Carli Biessels (1936 – 16 September 2016) was a Dutch writer of children's literature.

== Biography ==

Biessels was born and died in Nijmegen, where she studied pedagogy. Biessels worked in the field of children psychiatry and orthopedagogy.

Before writing books for children Biessels wrote various stories for children's magazines Okki and Taptoe. Biessels made her debut as an author at 62 years of age with her book Twee druppels water (1998). The book was on the Longlist for the Gouden Uil award in 1999.

In 2010, she won the Woutertje Pieterse Prijs for her book Juwelen van stras. She also received the Vlag en Wimpel award in 2001 for her book De feestrede and in 2007 for her book Irah en de dieren. Her last book Ik moet je iets belangrijks vertellen (2016) was published posthumously.

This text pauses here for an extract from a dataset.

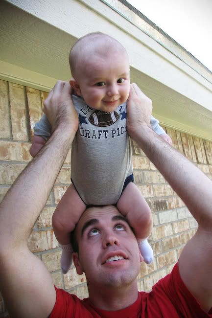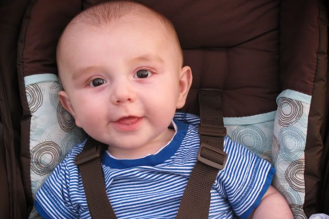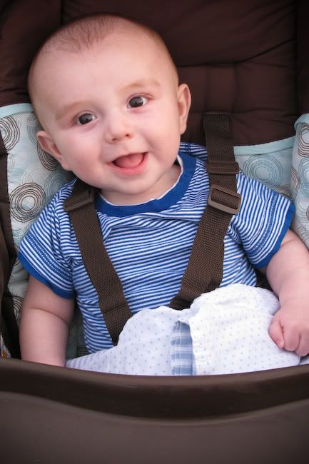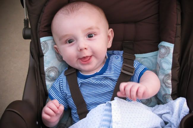 Jackson turned 4 months old Tuesday! :o) Here are some pictures of him with his Daddy and riding in the stroller like a big boy!

Her books have been illustrated by various illustrators, including Martijn van der Linden, Harmen van Straaten and Marije Tolman. Other illustrators include Patsy Backx, Marjolein Hund and Wolf Erlbruch. Her book Anton en het kamelenkleed (1999) was illustrated by one of her daughters.

Hanni Ehlers and Mirjam Pressler have translated some of her books to German.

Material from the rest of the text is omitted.